Banana Foster Chia Pudding Recipe Video
Why You’ll Absolutely Love This Banana Foster Chia Pudding Recipe
- Unbeatable Satiation: Thanks to the incredibly high fiber content of chia seeds, this breakfast will keep you feeling full and completely satiated for hours. This means no mid-morning cravings and sustained energy throughout your day.
- Gut Health & Omega-3 Powerhouse: Chia seeds are not just filling; they are also incredible for promoting optimal gut health, aiding digestion, and are packed full of essential omega-3 fatty acids, crucial for brain and heart health.
- Dietary Inclusivity: This banana chia pudding is thoughtfully crafted to be vegan, gluten-free, egg-free, grain-free, paleo, and entirely refined sugar-free, making it suitable for a wide range of dietary needs and preferences.
- Effortless Preparation: It comes together with minimal, readily available ingredients in just a few minutes of active prep time, making it perfect for busy mornings.
- Versatile & Kid-Friendly: This recipe easily doubles as a healthy, satisfying treat or a wholesome snack. It’s so delicious that it’s universally kid and toddler approved, making healthy eating fun for the whole family!
- Perfect for Meal Prep: This nourishing breakfast is an excellent option for meal prepping and a fantastic grab-and-go solution. It’s far more wholesome and nutritious than typical cereal or baked goods. You can easily double or triple the recipe to prepare breakfasts for a larger family or group for the entire week.
- Smart Use for Ripe Bananas: Do you always find yourself with bananas that are quickly ripening? This chia pudding is a brilliant and delicious way to use them up, especially when you’re not in the mood for banana bread. The riper the banana, the sweeter and more flavorful your pudding will be!
Is Chia Pudding Truly Healthy?
Absolutely! Chia seeds are widely regarded as nutrient-dense superfoods, and for good reason. Not only are they an excellent source of dietary fiber, but they also contain vital heart and brain-protective omega-3 fatty acids, particularly alpha-linolenic acid (ALA). These powerful nutrients contribute to overall well-being in several ways. They can help regulate cholesterol levels, promoting better cardiovascular health, and may even contribute to lowering blood pressure. Furthermore, the antioxidants present in chia seeds can help reverse oxidative stress, protecting your cells from damage. The alpha-linolenic acid specifically has been linked to maintaining normal blood sugar levels, making chia pudding a smart choice for a balanced diet.
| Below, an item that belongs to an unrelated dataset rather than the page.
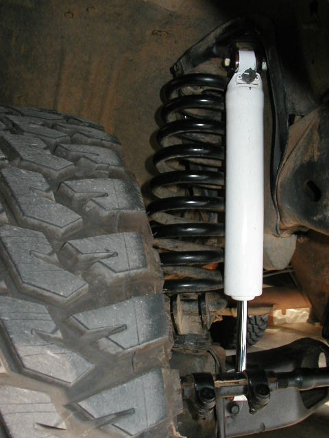 Front shock...had to flip it due to knuckle under project and clearance between the rancho firmness setting knob and the steering rod. EDIT: flipped it back. Evidently Rancho 9000's don't take well to either direction mounting.
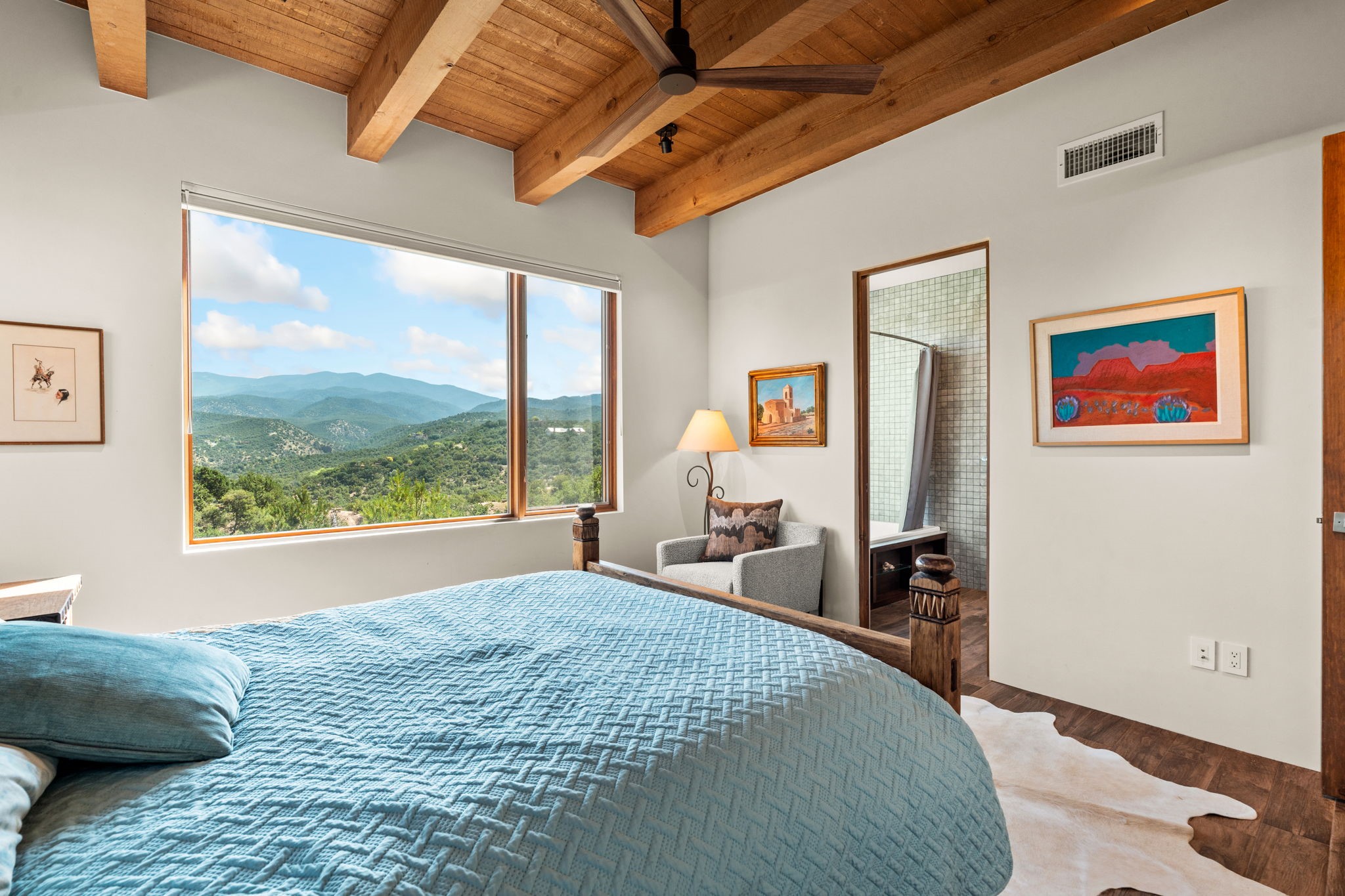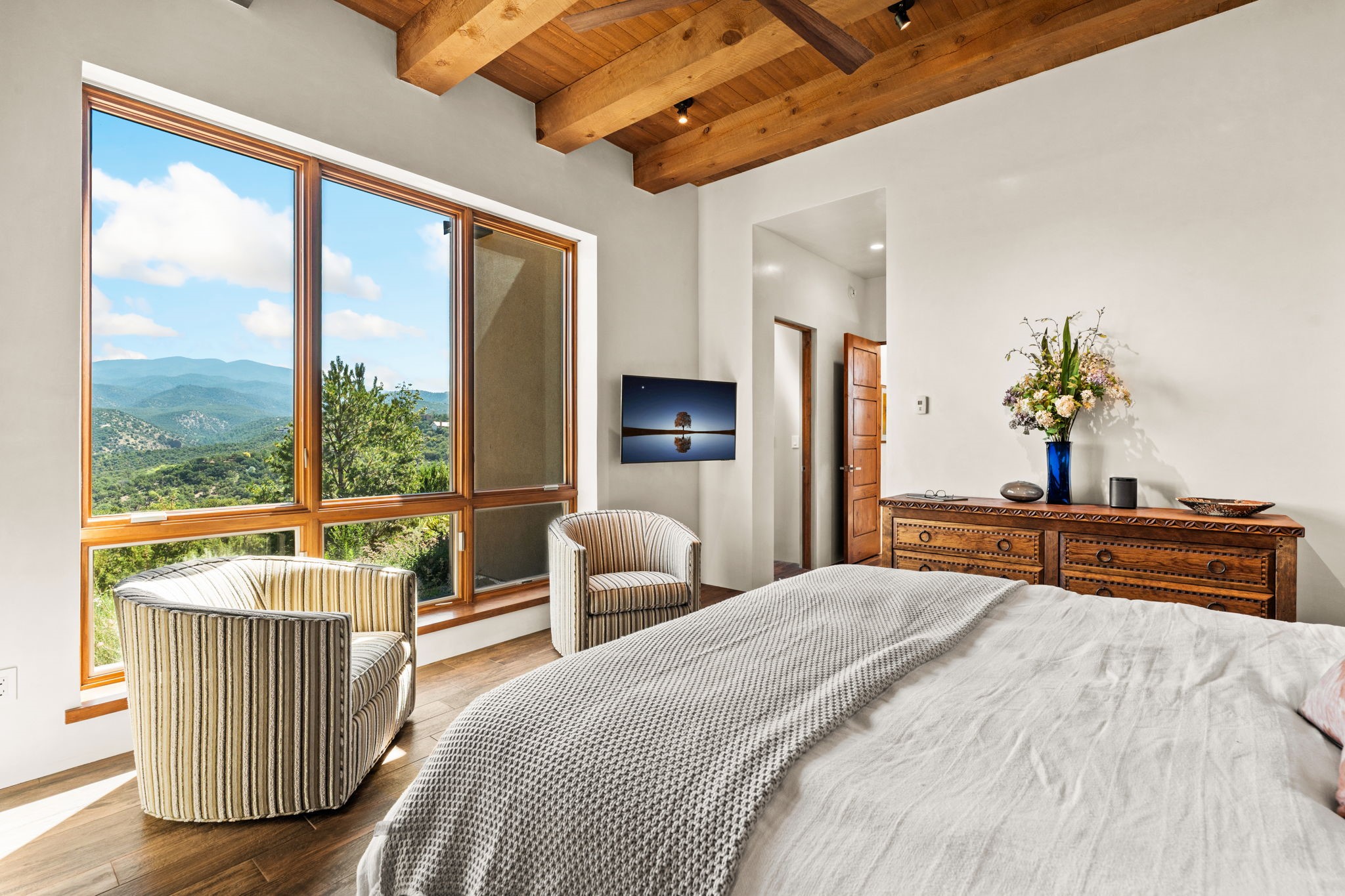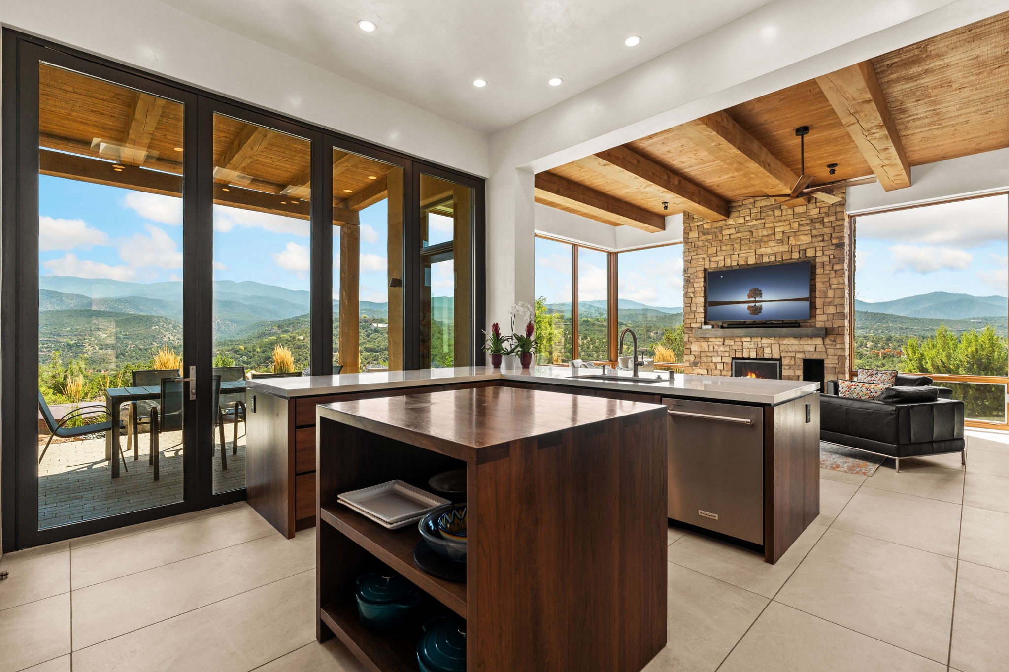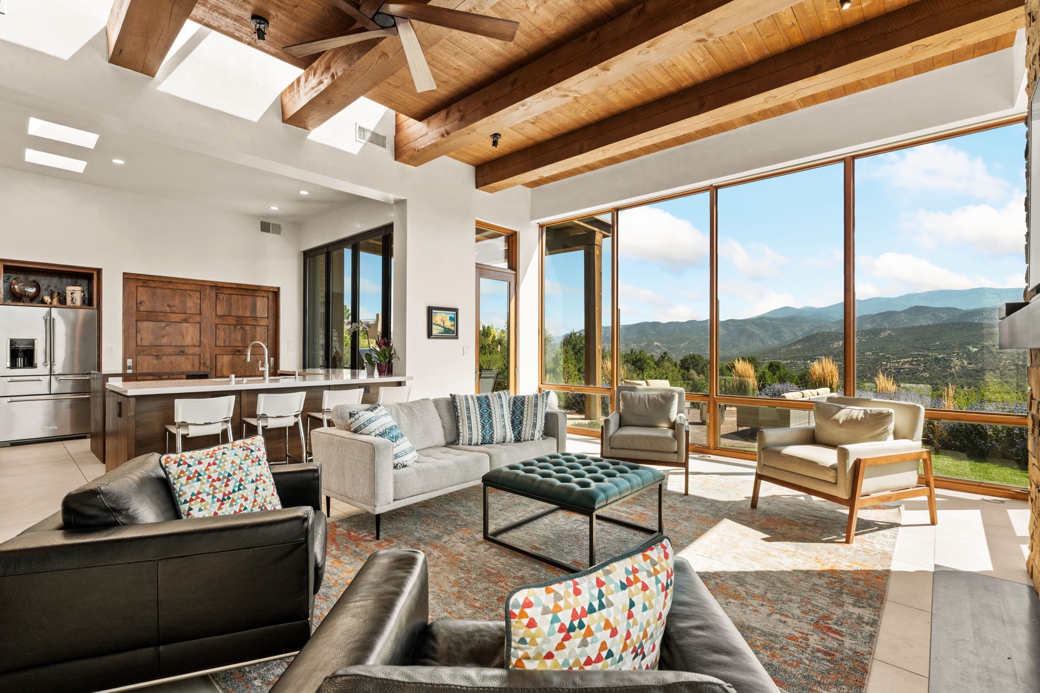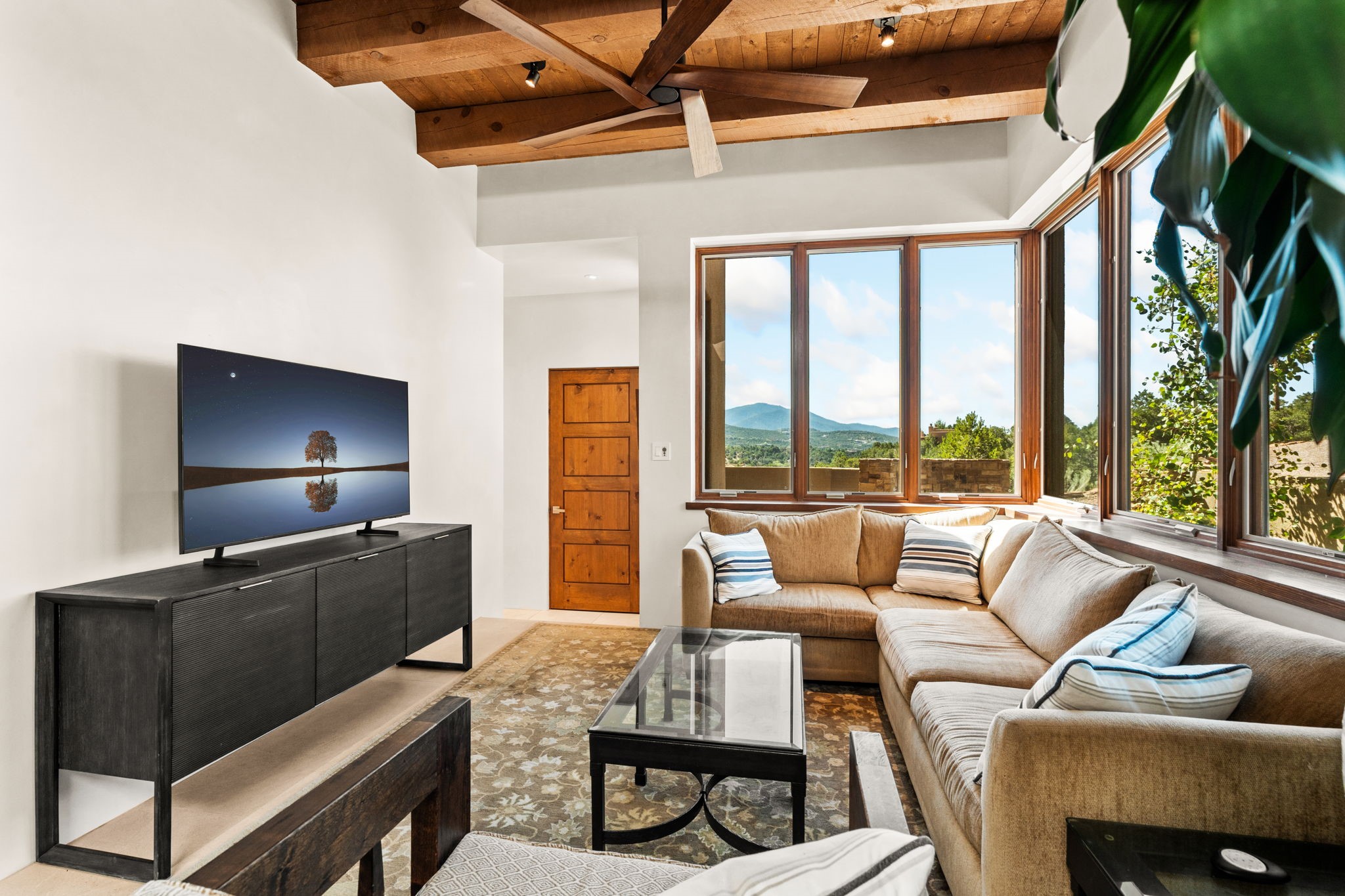 The Best Views in Santa Fe? Please come and judge for yourself! This relatively new home, designed and built by one of the owners of Tierra Concepts construction company, is a delight to live in. Owner is the Listing Broker of this property. We never tired of the changing views...watching the rainbows over the mountains, the snow plow lights at the ski basin, the deer wandering by, or the changing mountain colors! This 3 BR, 3 Bath home with a Great Room and a Den is well laid out and appointed. With many built in interior shades, the multi-opening Kitchen doors, drop down screen, and drop down wall mounted LR TV, it is easy to entertain of just cozy up and watch the grand view. The home has radiant floor heating as well as central heat and air. Hope you will love the home as much as we have!

Can Chia Pudding Aid in Weight Loss?
This is a very common question whenever I share chia pudding recipes, and the answer is yes, it can be a beneficial addition to a weight loss journey. Chia seeds are exceptionally high in soluble fiber. When mixed with liquid and given time to hydrate, chia seeds “swell” significantly, forming a gel-like consistency. This process contributes to feelings of fullness and satiety, helping you feel satisfied for longer periods. This extended fullness can naturally alleviate cravings for unhealthy snacks and prevent overeating, which are key factors in managing weight. By keeping you feeling full and content, chia pudding can help you reduce overall calorie intake without feeling deprived.
How to Craft Your Delicious Banana Foster Chia Pudding
The full detailed recipe, including precise measurements, can be found in the recipe card at the bottom of this post!
Essential Equipment
- Mixing bowl: For easily combining your chia pudding ingredients.
- Spatula or whisk: To ensure all ingredients are thoroughly mixed and no clumps remain.
- Mason jars or storage containers: Ideal for chilling and meal prepping individual portions. I personally love these elegant glass jars with bamboo lids for their aesthetic and functionality.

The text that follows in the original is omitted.